After oxygen regulation, the next major abiotic factor that could influence the presence/absence and modulation of DGE is a need to conserve respiratory water. This is typically studied under the rubric of the hygric hypothesis, or some derivation thereof (reviewed in Chown et al., 2011). During a DGE cycle, O₂ consumption and CO₂ production within the animal is a continuous process, while the external exchange of gases between the animal and the atmosphere is discontinuous. While the spiracles are kept closed (CF-phase), there is no exchange of respiratory gases (CO₂, H₂O, O₂) with the atmosphere, thereby resulting in a decrease in respiratory water loss. Insects may therefore face a trade-off between the need to support aerobic metabolism and the need to conserve water (Woods and Smith, 2010). For the hygric hypothesis to be supported, a decrease in O-phase duration and/or an increase in CF-phase duration needs to be present under low RH conditions, and/or when an individual is dehydrated, the latter of which is assumed could gain the most benefit from further reductions in water loss (Table 1). In P. tricolor, we found no significant decrease in O-phase or increase in CF-phase duration under low RH conditions or in dehydrated individuals (Fig. 2; supplementary material Table S1). If DGE functions simply to reduce respiratory water loss, then a positive relationship should exist between DGE cycle frequency and ambient RH, because in conditions of low RH the C-phase duration should increase to reduce respiratory water loss (e.g. White et al., 2007). However, we did not find a significant difference between DGE cycle frequency for the different RH treatments (5%, 60% and 90% RH) or acclimation conditions (5%, 40% O₂, dehydrated and hydrated). While this prediction makes use of comparative responses to predict mechanistic responses by the organism to a certain environmental variable, this approach may be confounded by short-term responses (White et al., 2007). The acute responses expressed by the organism to a specific environmental condition may be opposite to the evolutionary response (Arendt and Wilson, 1999; Marcil et al., 2006). However, the approach we adopted and the associated inference of mechanistic responses remains an essential step at the experimental level for understanding how organisms function in a given environment.

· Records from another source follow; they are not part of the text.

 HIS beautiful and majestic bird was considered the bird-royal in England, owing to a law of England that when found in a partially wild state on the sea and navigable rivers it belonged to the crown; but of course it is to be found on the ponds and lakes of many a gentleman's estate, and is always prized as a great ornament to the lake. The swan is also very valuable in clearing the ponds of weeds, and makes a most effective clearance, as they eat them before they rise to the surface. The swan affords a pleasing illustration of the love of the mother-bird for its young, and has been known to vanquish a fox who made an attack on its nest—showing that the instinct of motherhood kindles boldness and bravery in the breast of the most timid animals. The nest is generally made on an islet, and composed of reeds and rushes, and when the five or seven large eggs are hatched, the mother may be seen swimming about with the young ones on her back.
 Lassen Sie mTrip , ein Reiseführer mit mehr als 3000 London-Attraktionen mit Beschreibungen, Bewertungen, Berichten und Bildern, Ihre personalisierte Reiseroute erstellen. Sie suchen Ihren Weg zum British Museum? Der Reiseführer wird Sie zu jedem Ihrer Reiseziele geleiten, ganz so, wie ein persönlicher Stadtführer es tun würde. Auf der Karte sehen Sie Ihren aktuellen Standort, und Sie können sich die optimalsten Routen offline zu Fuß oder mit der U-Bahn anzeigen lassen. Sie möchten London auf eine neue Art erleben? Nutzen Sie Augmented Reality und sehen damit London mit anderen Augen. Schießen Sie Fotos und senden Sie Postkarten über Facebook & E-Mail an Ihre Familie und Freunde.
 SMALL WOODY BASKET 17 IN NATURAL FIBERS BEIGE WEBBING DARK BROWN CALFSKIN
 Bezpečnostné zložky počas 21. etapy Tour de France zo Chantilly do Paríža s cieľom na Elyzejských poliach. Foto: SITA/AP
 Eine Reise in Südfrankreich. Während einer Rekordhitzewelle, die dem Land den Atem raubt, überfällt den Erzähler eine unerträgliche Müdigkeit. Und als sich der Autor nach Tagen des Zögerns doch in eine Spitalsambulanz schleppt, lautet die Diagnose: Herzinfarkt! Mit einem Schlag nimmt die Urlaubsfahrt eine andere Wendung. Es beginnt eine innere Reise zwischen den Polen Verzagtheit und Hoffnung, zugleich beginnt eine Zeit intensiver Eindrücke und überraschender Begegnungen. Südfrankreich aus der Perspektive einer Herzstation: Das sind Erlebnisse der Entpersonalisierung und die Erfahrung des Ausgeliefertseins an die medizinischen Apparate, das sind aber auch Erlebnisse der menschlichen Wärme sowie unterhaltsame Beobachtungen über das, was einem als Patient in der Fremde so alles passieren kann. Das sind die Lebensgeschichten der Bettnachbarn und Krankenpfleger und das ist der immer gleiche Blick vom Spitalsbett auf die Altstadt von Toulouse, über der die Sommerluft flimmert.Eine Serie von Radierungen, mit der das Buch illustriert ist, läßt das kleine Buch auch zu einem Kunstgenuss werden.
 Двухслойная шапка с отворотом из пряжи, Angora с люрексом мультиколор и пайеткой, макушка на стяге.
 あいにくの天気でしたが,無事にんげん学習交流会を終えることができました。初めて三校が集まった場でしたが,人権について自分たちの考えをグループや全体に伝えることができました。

With no support found for the predictions of either the hygric or oxidative damage hypotheses, we reasoned that neither protecting tissues against oxidative damage nor minimizing respiratory water loss is the main factor driving DGE in this species. The last factor hypothesized for influencing DGE presence/absence or modulation is haemolymph pH regulation (Table 1). Here, we found that dehydrated individuals had a longer O-phase (although not always significantly so) than individuals from any of the other acclimations at all treatments except the 40% O₂ treatment. For dehydrated individuals, the only treatment that had a significant effect on O-phase duration was 5% O₂, which resulted in a significantly longer O-phase than any of the other acclimations or treatments. For the dehydration acclimation, the number of individuals that abandoned DGE was significantly higher than for the other acclimation groups (Table 2), supporting the prediction that within dehydrated individuals the DGE cycle will be abandoned to ensure adequate haemolymph pH regulation (Table 1). Hadley and Quinlan also found that the occurrence of DGE decreased if the Eastern lubber grasshopper (Romalea guttata), a relatively mesic species, was dehydrated (Hadley and Quinlan, 1993).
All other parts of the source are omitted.